Written by Michael Larabel in NVIDIA on 20 September 2018 at 07:54 AM EDT. 17 Comments
The NVIDIA GeForce RTX 2080 graphics cards are only officially beginning to ship today, but at least one independent Nouveau developer already has his hands on the hardware and beginning to work on the clean-room, driver reverse-engineering process in order to eventually get open-source "Nouveau" driver support working.

Just as they do each cycle, it's generally a lengthy bring-up process for getting this open-source NVIDIA Linux driver supporting new hardware... Starting with getting the display lit-up and kernel mode-setting active followed by the eventual OpenGL/3D hardware acceleration, which since GTX 900 Maxwell GPUs has required NVIDIA to release signed firmware images. The actual KMS/display bring-up has generally been fairly quick but we'll see soon enough if much has changed on the display side for Turing.

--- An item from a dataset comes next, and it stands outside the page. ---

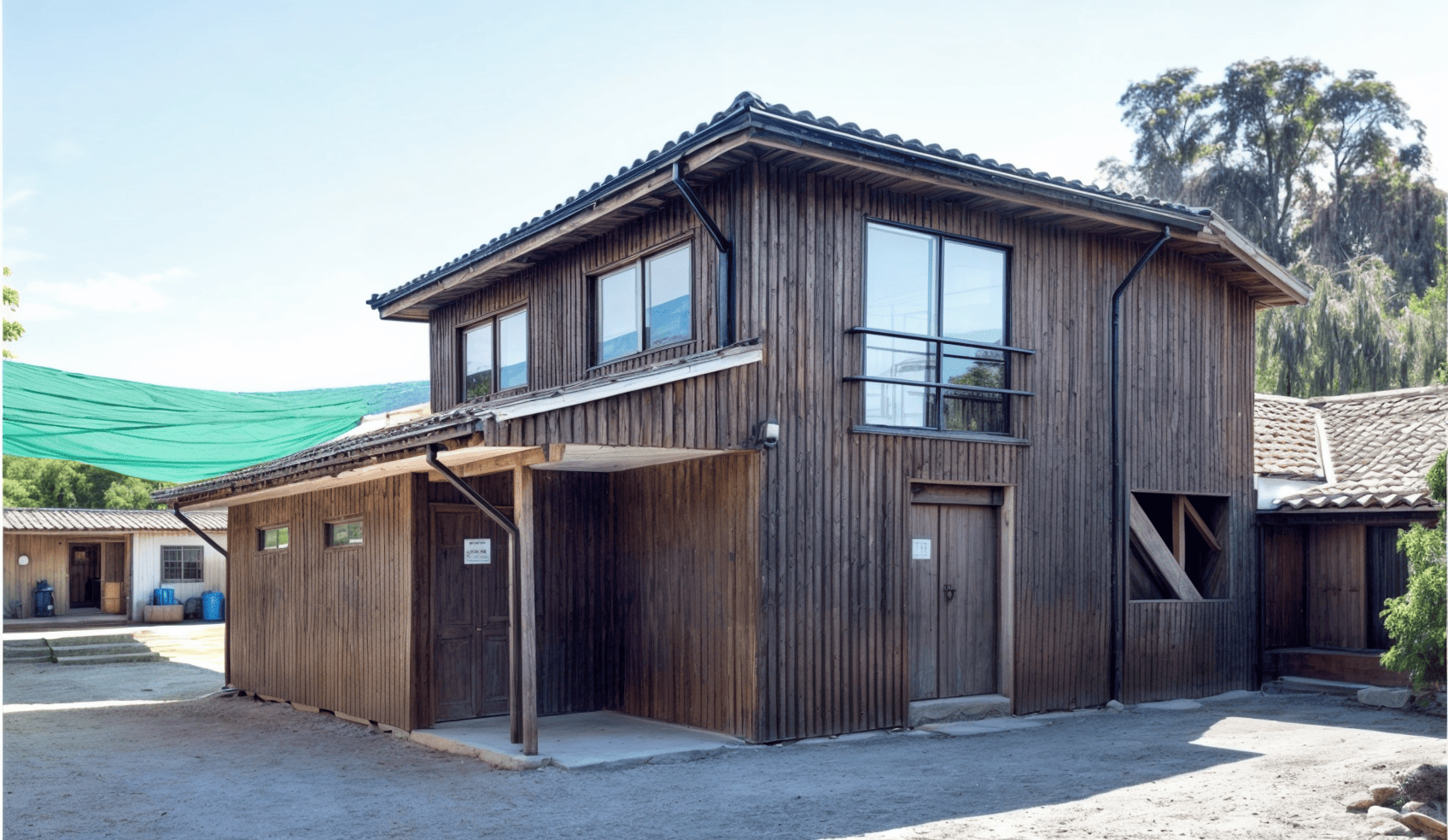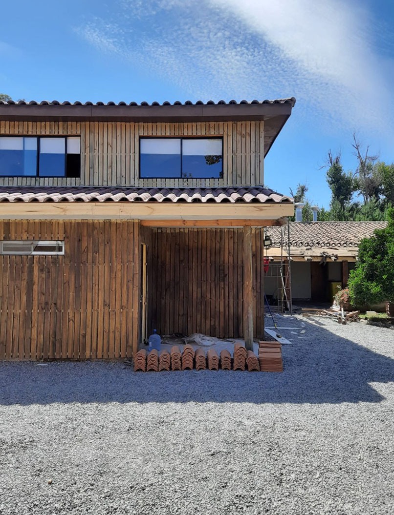 Diseño de Fachada ventilada para unificar construcción de distinta materialidad y otorgar mejor acondicionamiento térmico. Diseño realizado en para el Plan de mejoramiento de las Bases Brigada CONAF.

As NVIDIA has also been doing for a few generations now, it seems they have sent out hardware early to a few Nouveau developers while on the desktop side their official stance has remained to not actively help nor hinder these developers in open-source Nouveau support... They generally seed the main Nouveau developers with hardware access, answer some questions where they can over the driver programming, and occasionally we see some sort of documentation dump out of NVIDIA. But for the most part it's good 'ole reverse-engineering to get this NVIDIA GeForce support in place (on the Tegra side is where NVIDIA actively contributes to open-source GPU driver support).

Independent Nouveau contributor Rhys Kidd who has previously worked on GP100 Pascal support and more seems to have Turing GPU access now and has sent out some initial Turing patches adding support to Envy Tools.

Yesterday he posted initial Turing patches for Envy Tools, the tool-set used by Nouveau developers for helping to reverse-engineer the behavior of the NVIDIA proprietary Linux driver. Envy Tools has tools for help in understanding their video bitstream, accessing NVIDIA GPU registers, Assembly parsing, databases of MMIO registers, memory structures, and other documents and tools.

The patches by Rhys Kidd has initial TU102/TU104 detection, GDDR6 video memory detection, and other initial bits. So far though I haven't seen any patches in his Linux Git tree or that of Nouveau DRM maintainer Ben Skeggs for providing any actual driver support for Turing GPUs.

It's likely a tall order hoping to see any KMS/display support for Turing in the next kernel cycle (Linux 4.20~5.0) while for any hardware acceleration is an unknown, especially depending on how long it takes NVIDIA to publish the signed Turing firmware images. For now though due to the whole re-clocking mess, the best Nouveau driver support is still with the GeForce GTX 600/700 "Kepler" GPUs.